Open questions that need to be addressed in future studies

▪ Are there effective decolonization strategies leading to sustained clearance of ESBL-E?

▪ What is the optimal regimen (combination regimen?), dose and duration?

▪ Will we observe resistance development (and risk to lose important last resort antibiotics e.g. colistin)?

▪ Which patients may have the greatest benefit of decolonization?

▪ What is the impact of extraintestinal colonization (perianal region, groin)?

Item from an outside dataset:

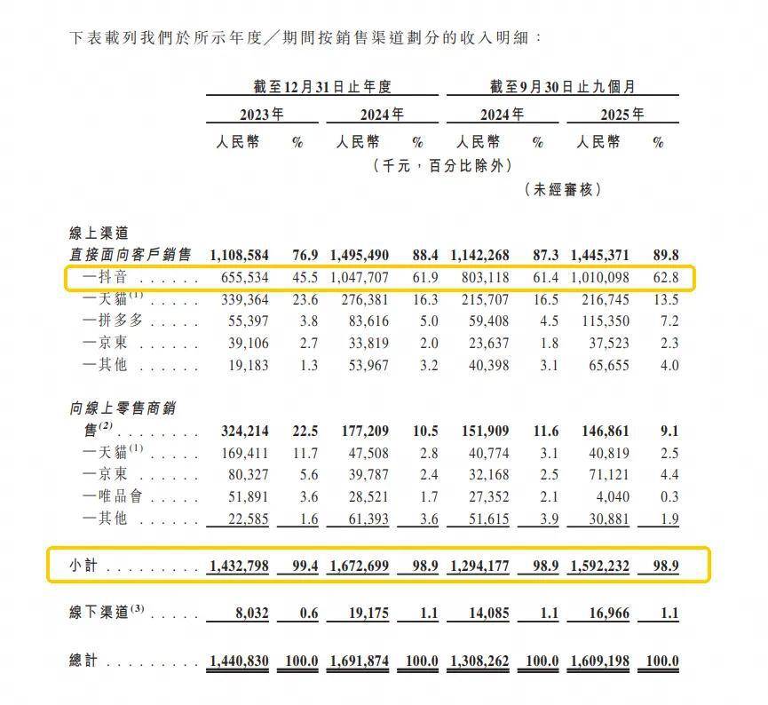 据西子健康招股书披露,2023 年至 2024 年及 2025 年前 9 个月,公司线上渠道实现收入分别为约 14.33 亿元、16.73 亿元及 15.92 亿元,分别占比 99.4%、98.9% 及 98.9%。
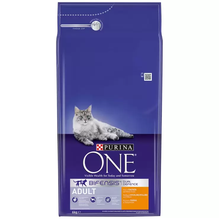 Purina ONE Adult is specifically formulated to meet the complete nutritional needs of Adult cats (aged 1-7 years) who need a complete and balanced diet to help stay in the best of health. PURINA ONE® BIFENSIS® is a unique nutritional formula with beneficial functional bacteria scientifically proven to help support your cat’s natural defences from the inside out, so you can enjoy their visibly great condition knowing they're great on the inside too. Purina ONE with BIFENSIS® formula helps support your cat's healthy immune system today and tomorrow.

Should decolonization strategies address this?

▪ Does relapse represent intestinal ‘outgrowth’ of suppressed ESBL-E or re-colonization from extraintestinal sites or other patients, food sources or the environment?

▪ Do pathogens differ with respect to the decolonization success rate (e.g. Klebsiella spp. vs. Escherichia coli vs. Enterobacter spp.)?

▪ How robust is the intestinal microbiome under antibiotic treatment? What is its impact on ESBL-E colonization resistance?